Oleh:
Puspo Renan Joyo
Institut Agama Hindu Negeri Tampung Penyang Palangka Raya
pusporenanjoyo@iahntp.ac.id
ABSTRAK
Indonesia adalah negara yang memiliki kompleksitas kebudayaan, dan keragaman
agama. Pada kenyataannya, keragaman agama tidak hanya menghadirkan
keunikan dan kerjasama, tetapi juga konflik keagamaan yang lahir dari sikap
eksklusifisme, radikalisme dan politik identitas. Tulisan ini bertujuan untuk
mengkaji dan mendeskripsikan gagasan non-kekerasan, solidaritas, toleransi dan
kesetaraan yang ada di dalam Bhagavad-gītā. Analisa terhadap kajian ini
menggunakan teori etika global dari pemikiran Hans Kung. Teori ini
berkontribusi dalam melihat pentingnya nilai non-kekerasan, solidaritas, toleransi,
dan kesetaraan dalam mewujudkan perdamaian agama-agama. Hasil dari kajian
ini menunjukkan bahwa Bhagavad-gītā memiliki gagasan penting tentang moral
non-kekerasan sebagai keutamaan dari pengetahuan, sifat mulia, wujud kesadaran
dan pengendalian diri (tapa). Pada aspek solidaritas dan aktualisasi kebenaran,
Bhagavad-gītā menawarkan nilai „Lokasamgraha‟ dan „dharma‟ sebagai basis
moral dalam tindakan sosial. Berkaitan dengan dialektika toleransi dan
kesetaraan, secara implisit, hal ini digambarkan dengan kemerdekaan dalam
pilihan iman bagi setiap individu, dimana pada wilayah isoterik keragaman itu
melebur dalam kualitas yang serupa, kemanunggalan. Pada akhirnya, hasil kajian
ini diharapkan menjadi referensi dalam wacana perdamaian agama di Indonesia.
Kata kunci: Bhagavad-gītā, etika global
I. PENDAHULUAN
Negara Indonesia di bangun dari lapisan keragaman yang kompleks.
Kompleksitas itu tampak dalam corak primordial atau unsur-unsur kebudayaan
yang membentuknya, antara lain bahasa, sistem pengetahuan, sistem
kemasyarakatan atau organisasi sosial, sistem peralatan hidup dan teknologi,
sistem mata pencaharian hidup, sistem religi dan kesenian [1]. Mengacu pada
Furnivall, maka secara sosiologis masyarakat Indonesia adalah plural, yakni,
“comprising two or more elements or social orders, which live side by side, yet
without mingling, in one political unit” [2]. Dalam perjalanannya, dinamika
puralitas tidak hanya menampilkan nilai-nilai kerjasama, harmoni dan unique,
tetapi juga konflik. Pluralitas agama dalam konstelasi wacana kerukunan
beragama di Indonesia menjadi salah satu isu yang paling menyita perhatiaan dan
energi, setidaknya dalam tiga dasawarsa terakhir.

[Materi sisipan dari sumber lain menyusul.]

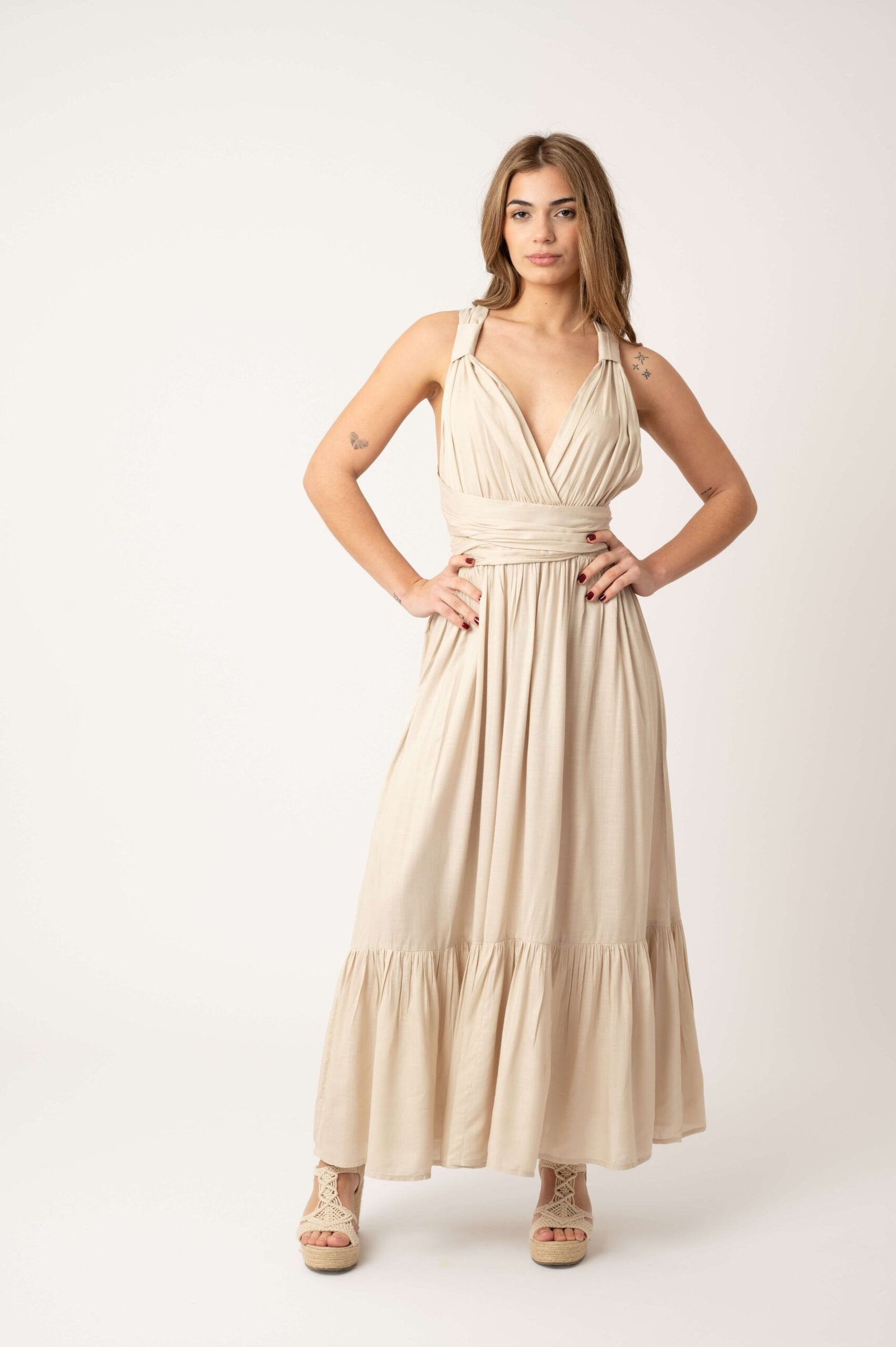 Vestido fluido con escote halter en V. Los lazos que forman el frente le aportan versatilidad para combinar diferentes opciones y crear siluetas estilizadas. Un corte que sorprende a cada paso con la espalda descubierta y la falda envolvente.

Gagasan ideal agama sebagai sumber nilai moralitas, spiritualitas, dan
perdamaian belum terdefinisikan dengan semestinya pada ranah praksis [3], [4],
tetapi sebaliknya justru acap tertuduh sebagai pemantik pertikaian dan kekerasan.
Sejarah mencatat, Indonesia memiliki kenangan traumatik mengenai hal ini [5]–
[7], demikian pula dalam skala global, Mark Juergensmeyer dalam risetnya yang
mendalam dan kemudian dibukukan dalam sebuah judul “Terror in the Mind of
God: The Global Rise of Religious Violence” tidak hanya mengisahkan rentetan
peristiwa kekerasan dari agama-agama besar dunia atau catatan kekerasan yang
berlatar belakang agama, namun juga mengungkap bagaimana aksi-aksi publik
abad ini, dimana agama turut memberi motivasi, justifikasi, organisasi dan
pandangan dunianya [8].
Fakta dari konflik-konflik primordial yang ada, khususnya konflik agama,
telah menunjukkan bahwa kerukunan agama masih dalam tantangan besar.

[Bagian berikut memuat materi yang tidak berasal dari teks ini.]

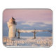 This amazing Getty Images photo features a winter scene showing an ice covered Lake Michigan lighthouse bathed in evening light and backed by pastel colored sky.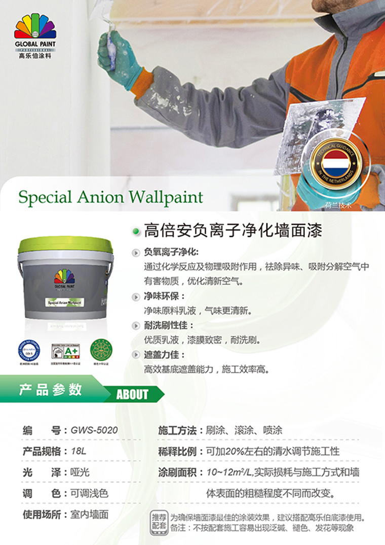 荷蘭高樂伯涂料秉承歐洲企業“專業、環?!钡睦砟睿诤商m技術支持下,開發具負離子功能的墻面漆,通過物理吸附、凈化作用,能減少裝修污染帶來的危害,為家人打造更健康宜居的環境。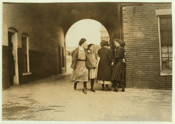 Young girls going to work in Mill No. 1 Cocheco Mfg. Co., Dover, N.H. I saw them go to work regularly, day after day. May 17, 1909--Noon. Location: Dover, New Hampshire.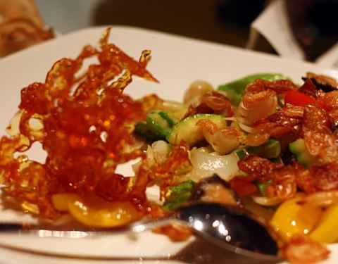 环境很好,参加宴会在这儿,服务也非常不多,菜品种类比较多,菜单制作也很精致。喜欢牛肉,口味比较好,荷塘小炒盘饰非常精致,烤羊排用了比较原始的方式烤制,味道纯粹,只是加了普通调味,突出了食材的新鲜。
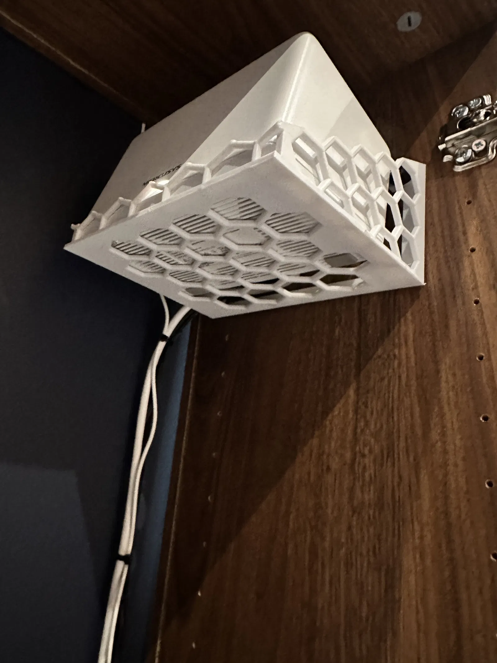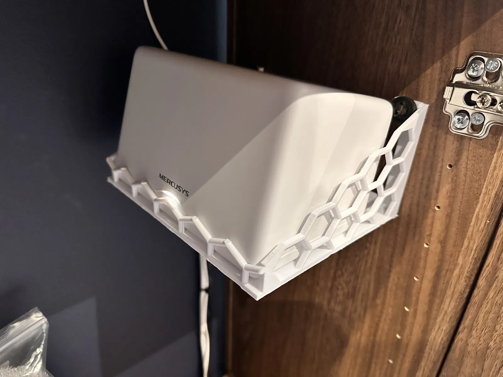 Thiết kế của giá treo này được tối ưu hóa với các lỗ thông hơi dạng tổ ong (hexagonal pattern) cực kỳ tinh tế. Không chỉ giúp sản phẩm trông hiện đại, cấu trúc này còn đảm bảo khả năng thoát nhiệt tối đa cho thiết bị Wi-Fi trong quá trình vận hành liên tục. Nhờ đó, bộ phát sóng của bạn luôn giữ được sự ổn định, không bị nóng máy, giúp duy trì tốc độ truyền tải dữ liệu ở mức tối ưu nhất cho ngôi nhà thông minh của bạn.

Dengan demikian, wacana terhadap kerukunan beragama sangat relevan dan harus
didengungkan secara masif. Kajian akademik yang bersifat eksploratif terhadap
nilai-nilai etik dan universal agama-agama memiliki urgensi dalam memberikan
kontribusi terhadap literasi publik tentang perdamaian. Kemajuan ilmu
pengetahuan dan teknologi berangsur telah mengubah peradaban manusia pada
satu tatanan hidup bersama yang menyaratkan adanya kolaborasi, kebersamaan
dan kerjasama. Sekat primordial, ruang dan waktu telah semakin memudar.
Manusia semakin tidak berjarak dan seolah berada dalam satu „kampung‟ yang
sama (global village) [9], [10]. Peradaban ini memerlukan kesadaran kolektif,
dimana perjumpaan manusia dengan segala kompleksitas kehidupannya, menuntut
cara berpikir yang lebih terbuka, inklusif, memiliki cita-cita perdamaian, toleransi,
etika universal, prinsip pluralisme social, dan persaudaraan umat manusia [11].

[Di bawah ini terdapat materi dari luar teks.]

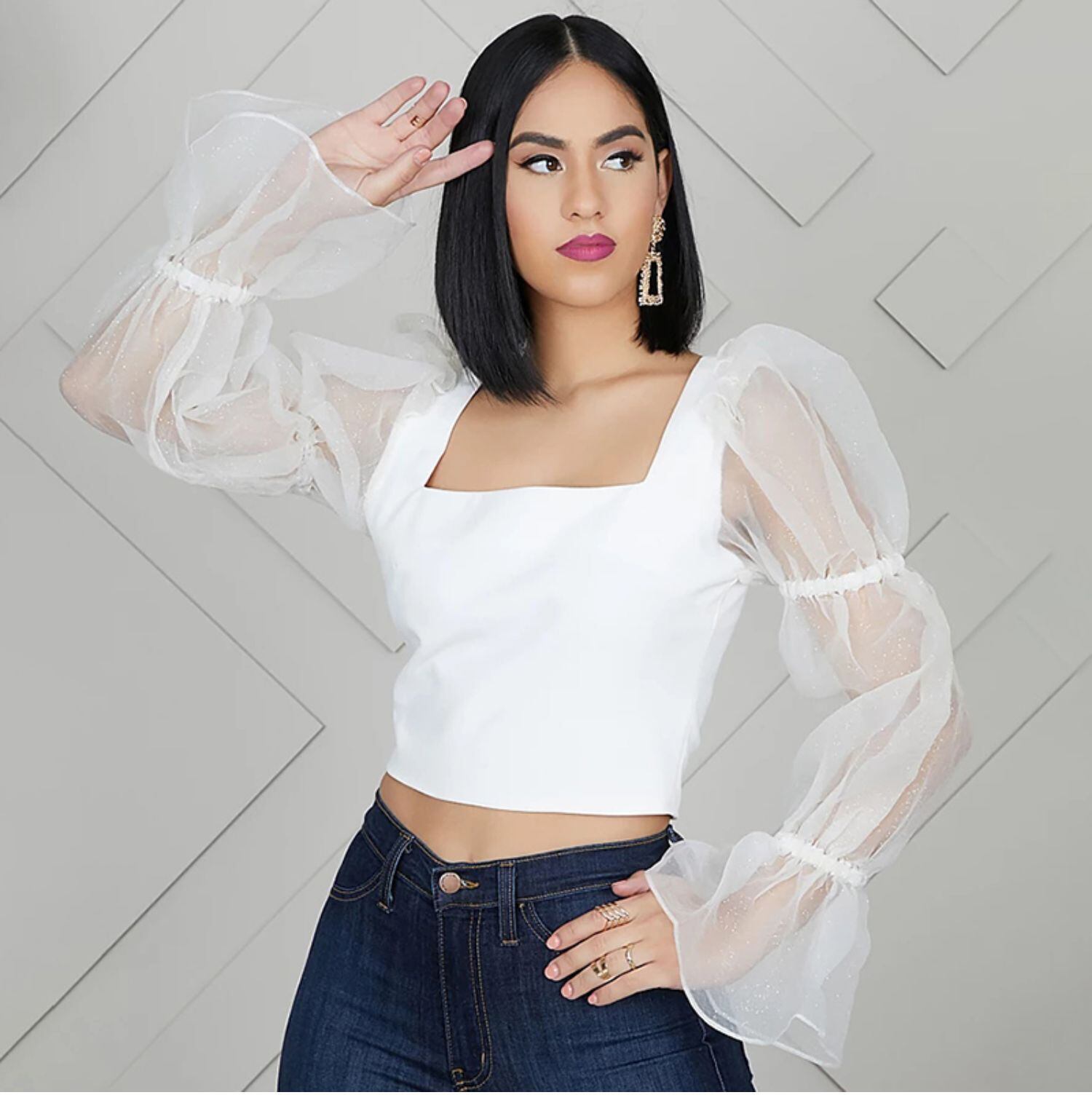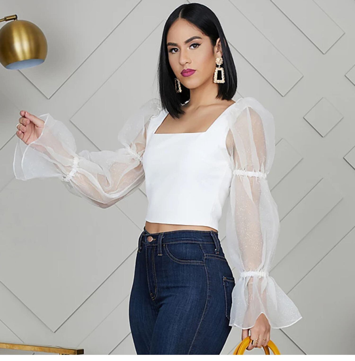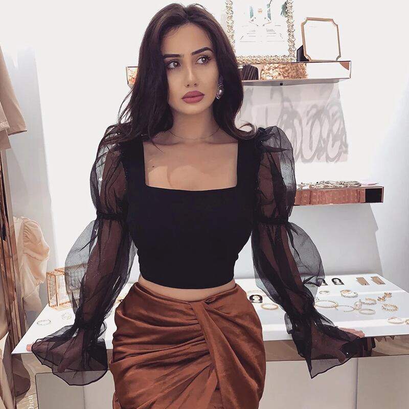 ヨーロッパとアメリカのinsのショートコートの女性の秋の長袖のエインスタイルのスクエアカラーのハイウエスト露出おへそステッチメッシュ気質野生のTシャツの潮 ハイウェスト ロング オータム 秋物 スクウェア ヨーロピアン instahot9684289

Tulisan ini bertujuan untuk mengkaji dan mengeksplorasi gagasan non-
kekerasan, solidaritas, toleransi dan kesetaraan yang ada di dalam Bhagavad-gītā
dalam telaah etika global Hans Kung. Hasil kajian ini diharapkan memiliki
kontribusi dalam mewujudkan kerukunan beragama di Indonesia, khususnya.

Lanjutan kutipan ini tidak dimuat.